→ **YOUR ASSIGNMENT**
Your copy should hold exactly the lines from the one containing "Rhea S mini" through the last line of the entries, and no pictures.

→ **Saved data entries**
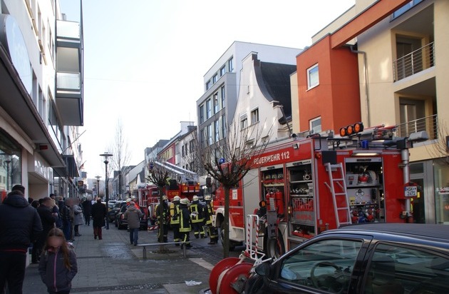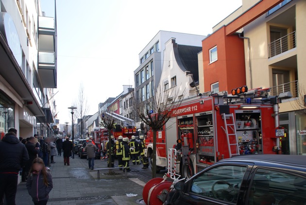 Beim Eintreffen der Kräfte war eine Rauchentwicklung aus dem Fenster einer Dachgeschosswohnung zu erkennen. Mit dem Schlüssel eines Hausbewohners verschafften sich die Rettungskräfte Zugang zum Gebäude und gingen unter Umluft unabhängigem Atemschutz zum Brandherd vor. Parallel dazu wurde die Drehleiter in Stellung gebracht, um einen zweiten Rettungs- und Angriffsweg sicher-zustellen. Diese Vorgehensweise ermöglicht eine schnelle und gezielte Rettung. Zu diesem Zeitpunkt ging die Feuerwehr davon aus, dass sich noch Personen in der Brandwohnung aufhielten. Eine Wasserversorgung über einen sogenannten Unterflurhydranten wurde ebenfalls aufgebaut, um genug Löschwasser zu Verfügung zu haben.
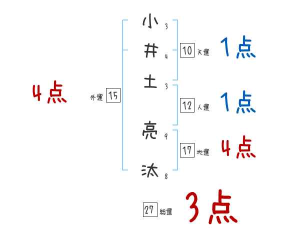 小井土亮汰さんの画数の鑑定結果
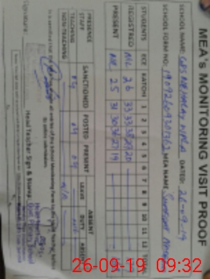 | Monitoring Date: 26-09-2019 | Start Time: 26-09-2019 08:36 AM | End Time: 26-09-2019 09:34 AM | Name of MEA: Sh**** Na**** | |
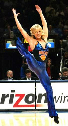 And she's now in upper management, as the the entertainment manager for the across-the-river New Jersey Nets ("she oversees the rehearsals and on-court performances of more than 70 dancers, gymnasts and other entertainers.")
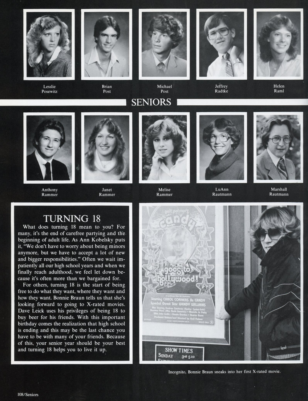 1981 Sheboygan South High School, Page 108: Lesslie Posewitz, Brian Post, Michael Post, Jeffrey Radtke, Helen Raml, Anthony Rammer, Janet Rammer, Melise Rammer, LuAnn Rautmann, Marshall Rautmann.
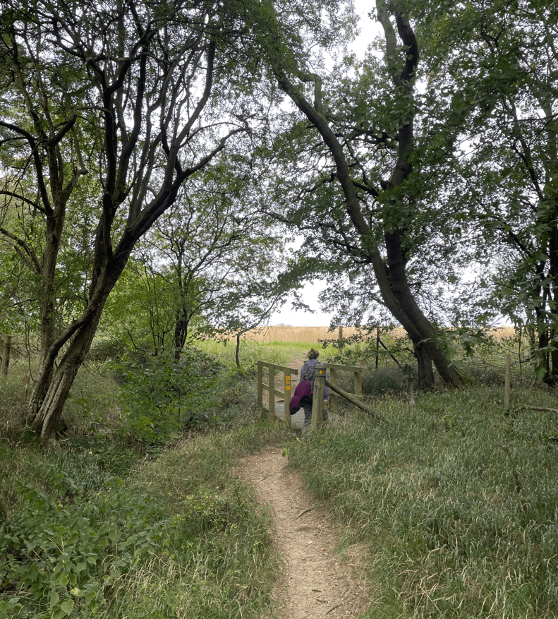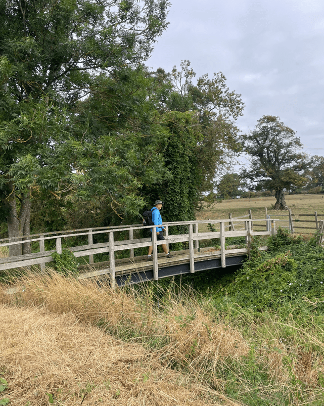 Shortly, we were crossing a wooden bridge and out onto open fields.
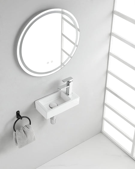 Rhea S mini fontein rechts - 36,5 x 18 x 9 cm - Keramiek glans wit
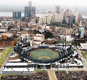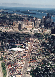 Tiger Stadium - Opening day, looking east. In the background is the RenCen (tallest building on right) bought by GM to become their new world headquarters. Belle Isle, the Detroit River, and Lake St. Clair are beyond. The downtown area is coming alive with major construction projects, including two new stadiums and three casinos. |
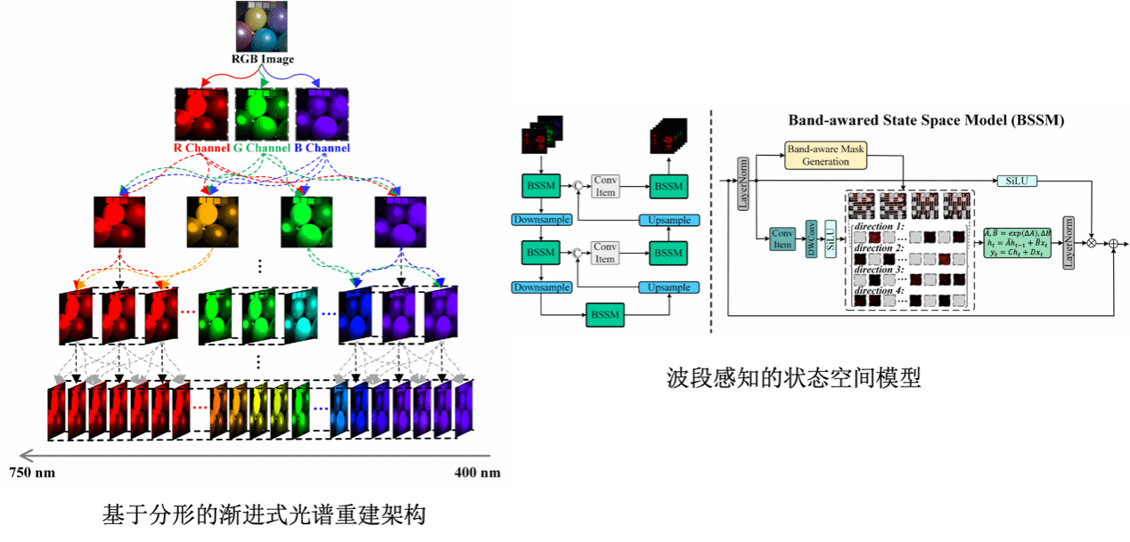 简介:通过光谱重建从 RGB 图像生成高光谱图像(HSI),能够显著降低 HSI 的获取成本。本文提出了一种基于分形的递归光谱重建网络(Fractal-Based Recursive Spectral Reconstruction Network, FRN)。与现有尝试直接在一次性操作中整合 R、G、B 三个通道的全光谱信息的范式不同,FRN 将光谱重建视为一个逐步推进的过程:既可以从宽带到窄带逐层预测,也可以采用由粗到精的方式来预测下一个波长。受数学中分形思想的启发,FRN 通过递归调用原子重建模块,建立了一种全新的光谱重建范式。在每次调用中,模型仅利用相邻波段的光谱信息,为下一个波长图像的生成提供线索,这符合光谱数据的低秩特性。此外,本文设计了一种波段感知的状态空间模型,在生成过程的不同阶段采用像素差异化的扫描策略,从而进一步抑制由反射率差异引起的低相关区域干扰。大量跨数据集的实验结果表明,FRN 在定量和定性评估中均优于当前最先进的方法,展现出更优越的重建性能。
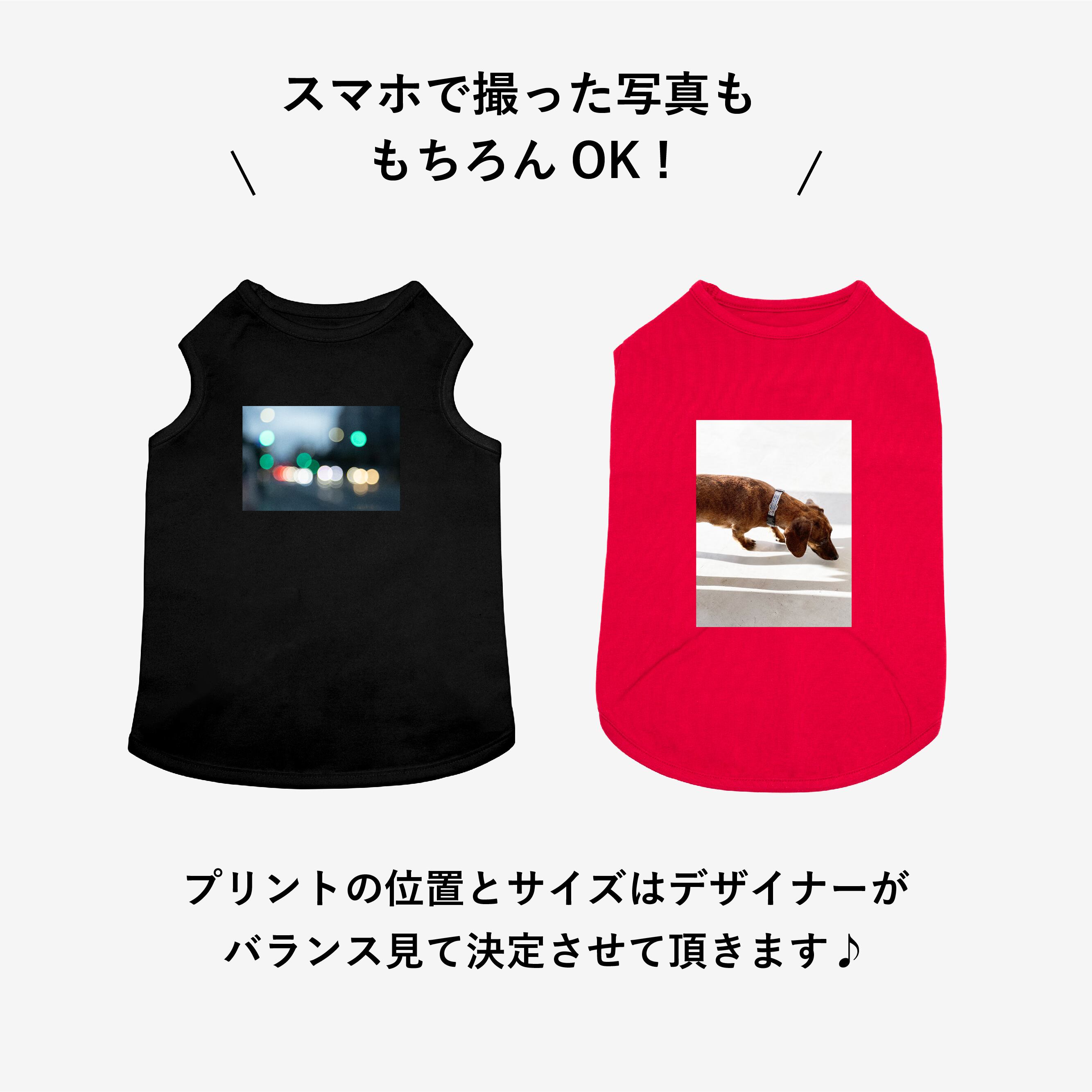 カメラやスマホで撮影したお気に入りの写真をプリントしてみませんか? 犬服の種類を選びサイズと色を選択し注文をする。 注文後に[email protected]に写真をメールするだけです。

→ **ANSWER TO THIS PROBLEM**
 Rhea S mini fontein rechts - 36,5 x 18 x 9 cm - Keramiek glans wit
 Tiger Stadium - Opening day, looking east. In the background is the RenCen (tallest building on right) bought by GM to become their new world headquarters. Belle Isle, the Detroit River, and Lake St. Clair are beyond. The downtown area is coming alive with major construction projects, including two new stadiums and three casinos. |
 简介:通过光谱重建从 RGB 图像生成高光谱图像(HSI),能够显著降低 HSI 的获取成本。本文提出了一种基于分形的递归光谱重建网络(Fractal-Based Recursive Spectral Reconstruction Network, FRN)。与现有尝试直接在一次性操作中整合 R、G、B 三个通道的全光谱信息的范式不同,FRN 将光谱重建视为一个逐步推进的过程:既可以从宽带到窄带逐层预测,也可以采用由粗到精的方式来预测下一个波长。受数学中分形思想的启发,FRN 通过递归调用原子重建模块,建立了一种全新的光谱重建范式。在每次调用中,模型仅利用相邻波段的光谱信息,为下一个波长图像的生成提供线索,这符合光谱数据的低秩特性。此外,本文设计了一种波段感知的状态空间模型,在生成过程的不同阶段采用像素差异化的扫描策略,从而进一步抑制由反射率差异引起的低相关区域干扰。大量跨数据集的实验结果表明,FRN 在定量和定性评估中均优于当前最先进的方法,展现出更优越的重建性能。
 カメラやスマホで撮影したお気に入りの写真をプリントしてみませんか? 犬服の種類を選びサイズと色を選択し注文をする。 注文後に[email protected]に写真をメールするだけです。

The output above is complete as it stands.